ESG in Action: Evaluating Global Financials

Understanding environmental, social and governance (ESG) risks and dynamics is an important part of a robust investment process. Global financials offer a clear example of the value of putting ESG analysis in action.

Many investors feel the banking industry’s reputation has been tarnished in recent years following the many high-profile breakdowns in governance and breaches of public trust. At PIMCO, however, we do not believe that these past transgressions should be overwhelming factors in the forward-looking ESG assessment of individual banks, particularly for banks that performed well through the financial crisis or banks that have wholly revamped their management teams and governance processes. We view the much stronger regulatory framework and elevated stature of risk management as significant credit positives, both in terms of the higher capital and liquidity balances now held by most banks and in terms of lower earnings volatility. Although many of the changes have been mandated by regulators, leading banks have fully internalized the new rules and have invested heavily in redefining their culture and the conduct of their employees.

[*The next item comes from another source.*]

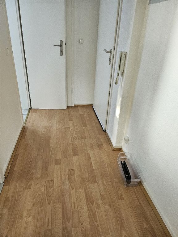 Das Badezimmer ist mit weißen Bodenfliesen und weißen Wandfliesen gefliest und mit einer Dusche, einem Waschtisch, einem wandhängenden WC sowie einem Handtuchheizkörper ausgestattet. In allen weiteren Wohnräumen ist ein heller Laminatboden verlegt. In der Küche befindet sich eine Einbauküche. Die Wohnung verfügt über doppelt verglaste Kunststofffenster, die Wärmeversorgung erfolgt mittels Wandheizkörpern über eine Gaszentralheizung. Zur Wohnung gehört ein eigener Kellerraum, eine Waschmöglichkeit gibt es auch in der Gemeinschaftswaschküche.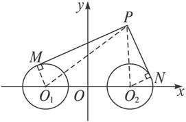 如图,圆O1与圆O2的半径都是1,O1O2=4,过动点P分别作圆O1、圆O2的切线PM、PN(M、N分别为切点),使得试建立适当的坐标系,并求动点 P的轨迹方程.

How PIMCO analyzes ESG factors in financials

As PIMCO considers investments in individual banks today, we seek to identify banks that have made significant progress in improving their own culture and conduct in addition to the more tangible improvements in risk management and financial product safety. Our assessments of leadership and governance are paramount, though we also carefully assess each bank’s integration of ESG factors in its underwriting as well as the company’s track record of regulatory compliance and litigation. PIMCO’s stress tests complement regulatory stress test results to provide a view of banks’ internal risk management. We also assess the propensity of company management to reward shareholders versus maintaining a conservative capital cushion in case of a downturn.

We assess each bank against global peers across 11 major ESG factors, detailed below. Our assessment combines both the level and forward-looking trend for each factor into an overall ESG score, which in the case of financials places greater weight on governance and social factors because historically these are the most material risks to the banking industry. By contrast, our ESG scores for energy companies are weighted toward environmental factors.

ESG comparison across global banks

PIMCO assesses ESG factors for major global banks across geographies. Figure 1 shows a summary that provides portfolio managers with high-level insights into the key ESG strengths and weaknesses of major banking systems (recognizing that individual banks’ scores vary). Take the U.S., for example: The Federal Reserve System has created a strong, stable regulatory framework, and its Comprehensive Capital Analysis and Review (CCAR) stress testing process enforces risk management and capital discipline. This supports our stronger view of U.S. banks’ risk management and accounting factors. However, U.S. banks generally have yet to demonstrate lasting improvements in culture and business conduct, and many continue to lag European peers at integrating ESG factors in underwriting and product safety.